Background: An intriguing explanation for the disproportionately high rate of anterior cruciate ligament injury in female athletes is that the structural properties of the anterior cruciate ligament are affected by the menstrual hormones. Whether this actually occurs, however, is the subject of ongoing debate.
Hypotheses: (1) Anterior cruciate ligament laxity is different in the follicular, ovulatory, and luteal phases of the menstrual cycle, and (2) exercise exacerbates the difference in anterior cruciate ligament laxity in the 3 phases.

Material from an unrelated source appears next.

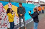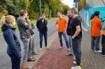 Die städtische Mitarbeiterin der Stadtplanungsabteilung Eva Reinecke stellte heraus, dass weiterhin Projekte durchaus zu entwickeln seien, um das Quartier und das Wohnumfeld schöner zu gestalten, denn das Förderprogramm wird fortgesetzt. Wer Ideen habe, dürfe sich gerne beim Stadtteilbüro melden, versicherte Huerkamp. Auch Bent Gosda von Rot-Weiss-Ahlen zeigte sich mit Luka Tankulic bei einer Besichtigung am Dienstagmorgen begeistert von der Motiv- und Farbfreude und freute sich, dass die Zuschauer nun nicht mehr mit einer tristen Mauer empfangen werden. Das sogar punktgenau zum Spiel der DFB U20-Nationalmannschaft gegen Polen am kommenden Freitag, denn bis dahin wird die Mauer komplett mit den neuen Motiven erstrahlen.

Methods: Over the course of 10 weeks, repeated knee laxity measurements were taken on 27 high-level female athletes, before and after exercise. Point in the menstrual cycle was determined with charts of waking temperature and menstruation. The independent effects of menstrual phase and exercise were evaluated using generalized estimating equations.
Results: Data from 18 participants were included in the final analysis. There were no significant differences in anterior cruciate ligament laxity in any of the 3 menstrual phases, before or after exercise.
Conclusions: Anterior cruciate ligament laxity is not significantly different during the follicular, ovulatory, and luteal phases of the menstrual cycle, and bicycling exercise does not exacerbate or create any differences in anterior cruciate ligament laxity.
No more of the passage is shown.